Na przykład w Moskwie w 2005 roku jedna dziewczyna w towarzystwie swojego chłopaka wyszła z domu przy ulicy Khalturinskaya. Gdy tylko młodzi ludzie wyszli z wejścia, na dziewczynę z dwunastopiętrowego budynku upadł samobójca. Cudem przeżyła, straciła kilka zębów, złamała żebra i doznała wstrząsu mózgu.

Nie sposób policzyć takich przypadków. Kilka lat temu w RPA pewien mężczyzna rzucił się pod autobus, którym podróżowali brytyjscy turyści. Próbując zrobić unik, kierowca stracił kontrolę, autobus przewrócił się, w wyniku czego zginęło 8 osób.

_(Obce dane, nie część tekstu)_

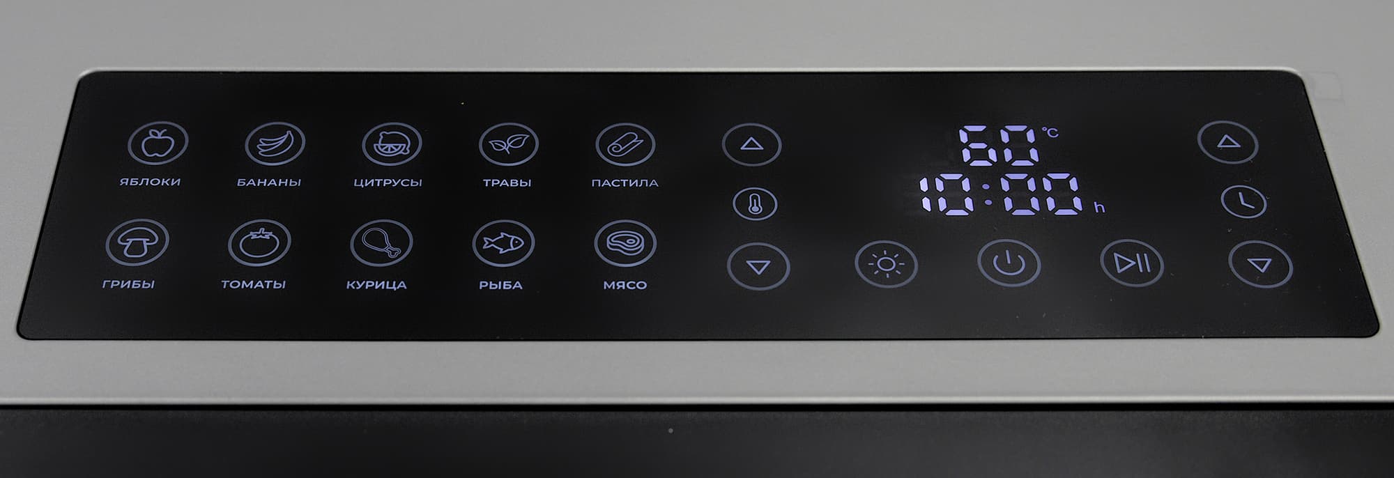 Панель управления Wollmer JD500 Sahara условно делится на две части: слева находятся сенсоры выбора авторежимов, справа — функциональные кнопки, отвечающие за настройку параметров, запуск/остановку программы, включение подсветки в камере и включение/выключение самого устройства.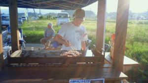 イカを焼く、しんぶん副委員長のめがね魚屋さん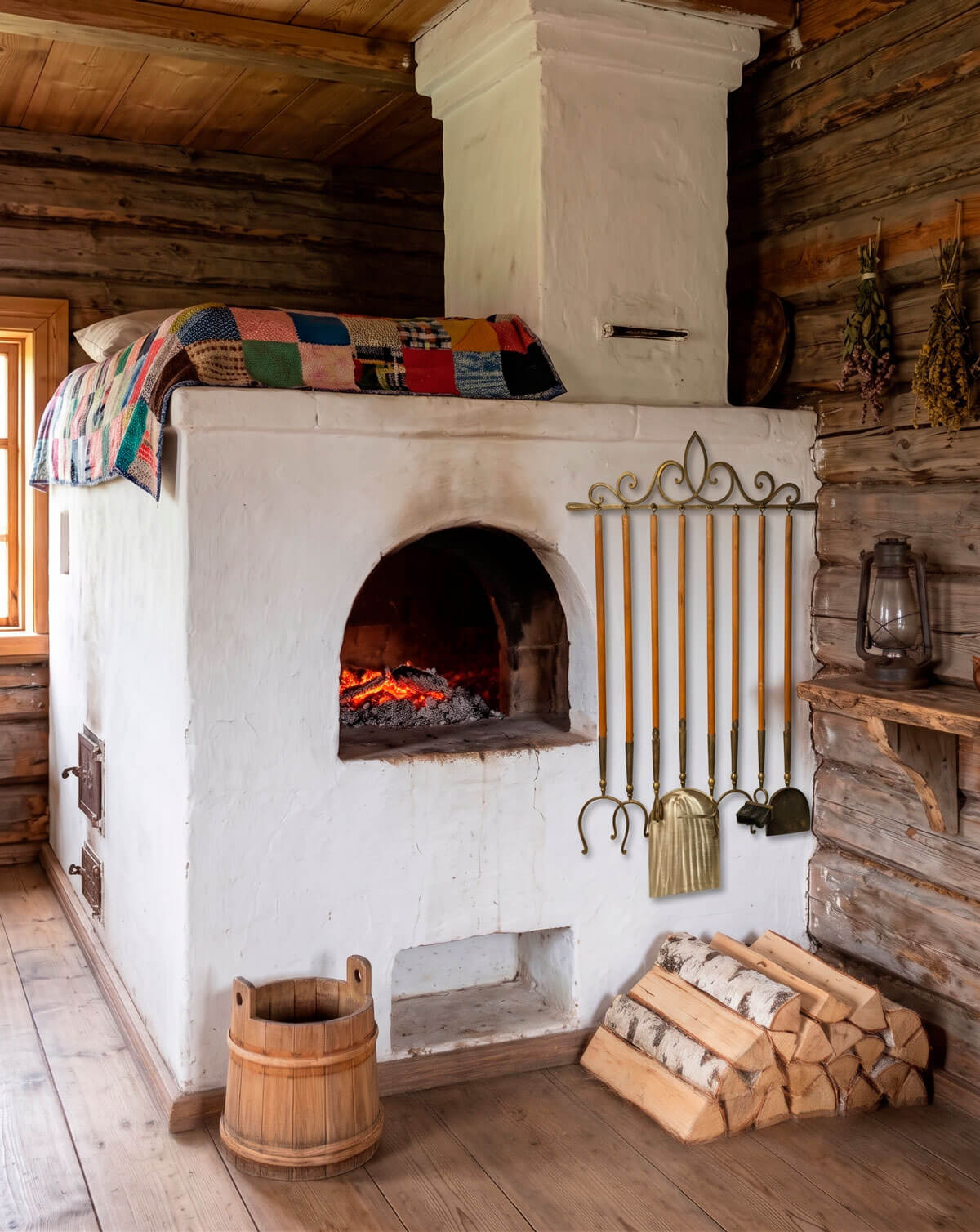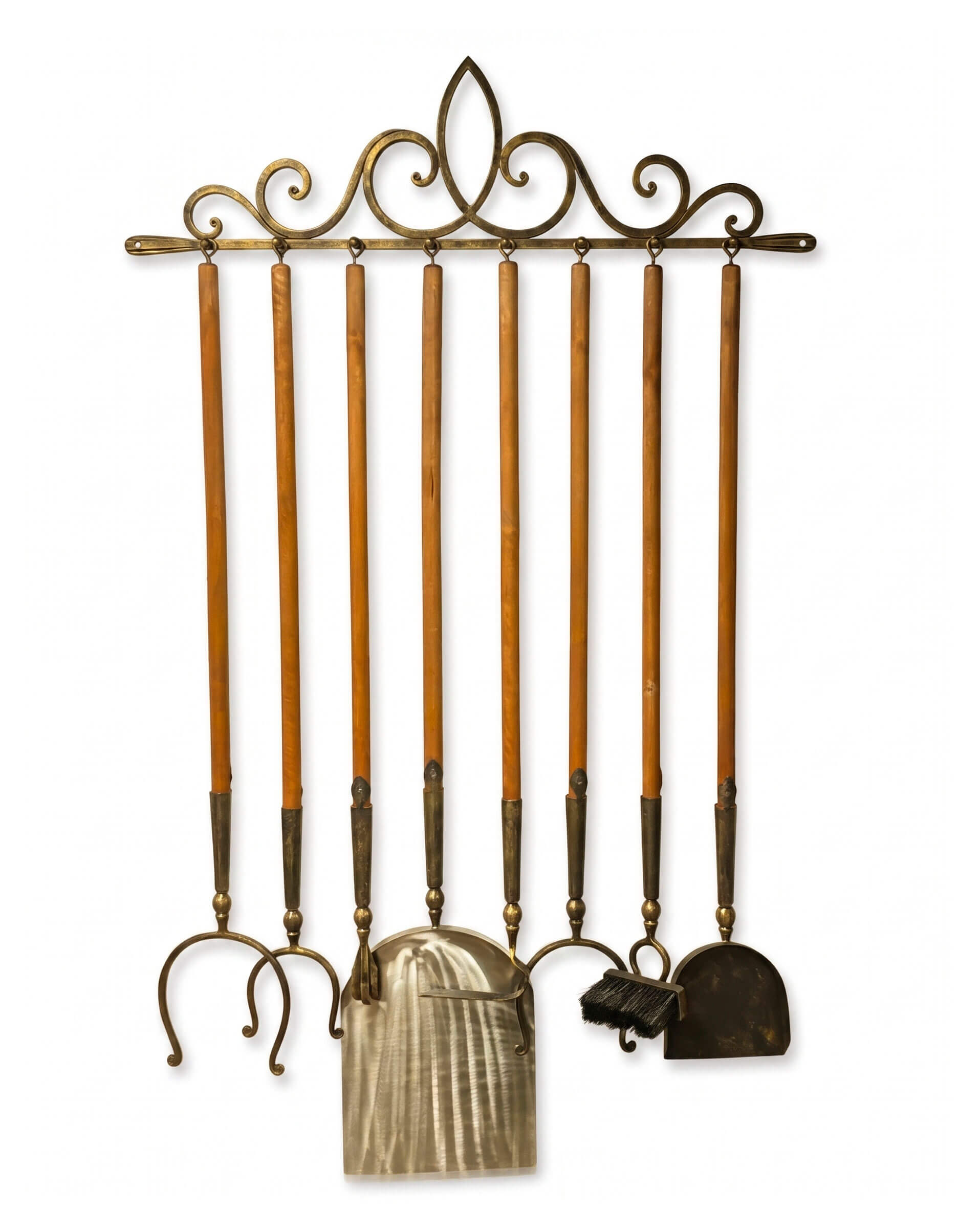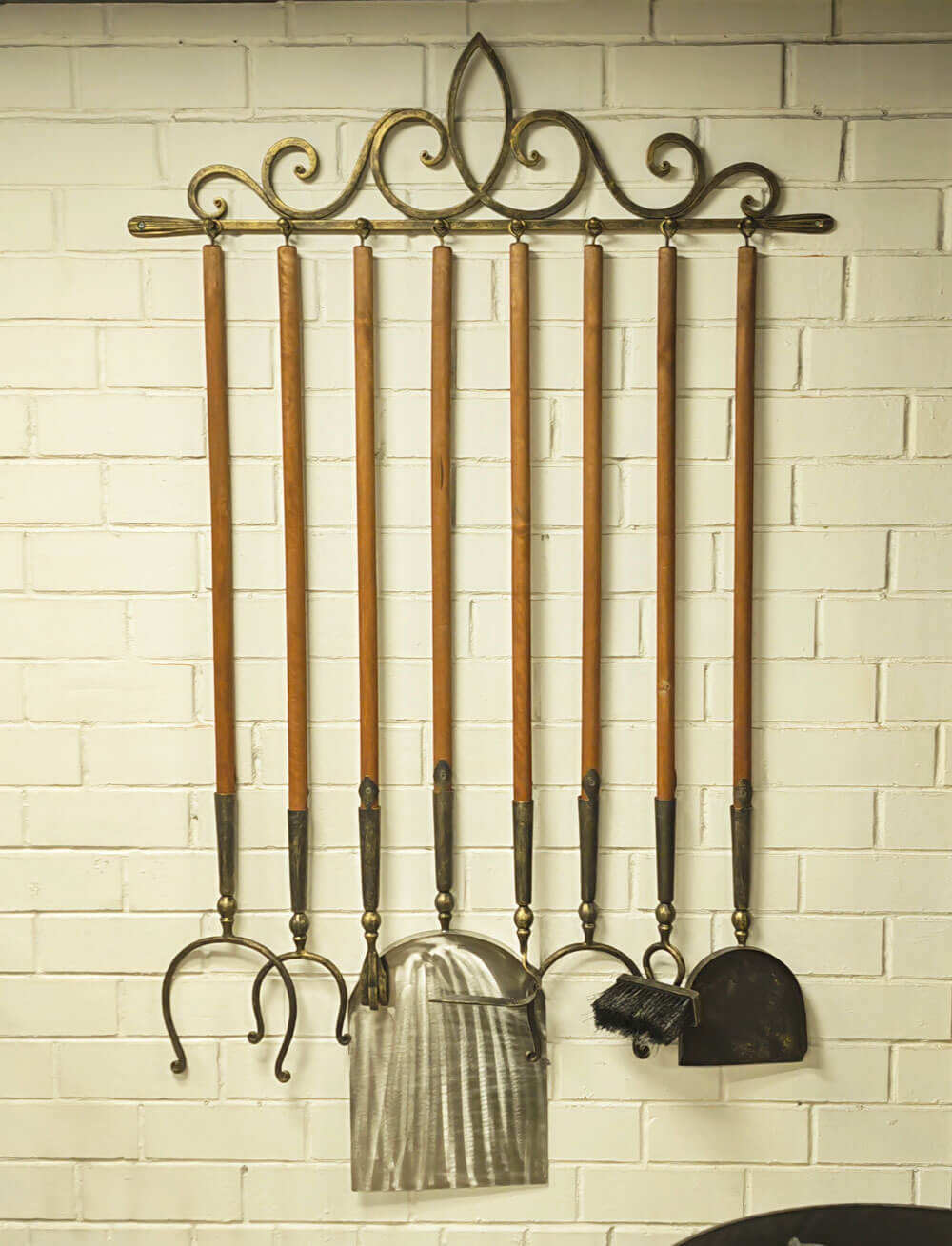 Подвесной набор аксессуаров для русской печи, на кованной полке. В комплекте девять предметов:

W Austrii, w pobliżu Jeziora Bodeńskiego, pociąg zmiażdżył samobójstwo. Kiedy on, a raczej to, co z niego zostało, został zeskrobany z szyn przez dwóch policjantów i pogrzebowego, zostali również potrąceni na śmierć przez pociąg. Prawdopodobnie wszystko jest winne szybkości i bezszelestności europejskich pocisków na szynach.

A w Tadżykistanie kobieta postanowiła utopić się w słynnej granicznej rzece Pyanj. Dwóch odważnych Tadżyków ruszyło jej z pomocą, ale to jej nie uratowało. Co więcej, sami utonęli.

Jeśli nie cenisz swojego życia, to przynajmniej cenisz czyjeś życie.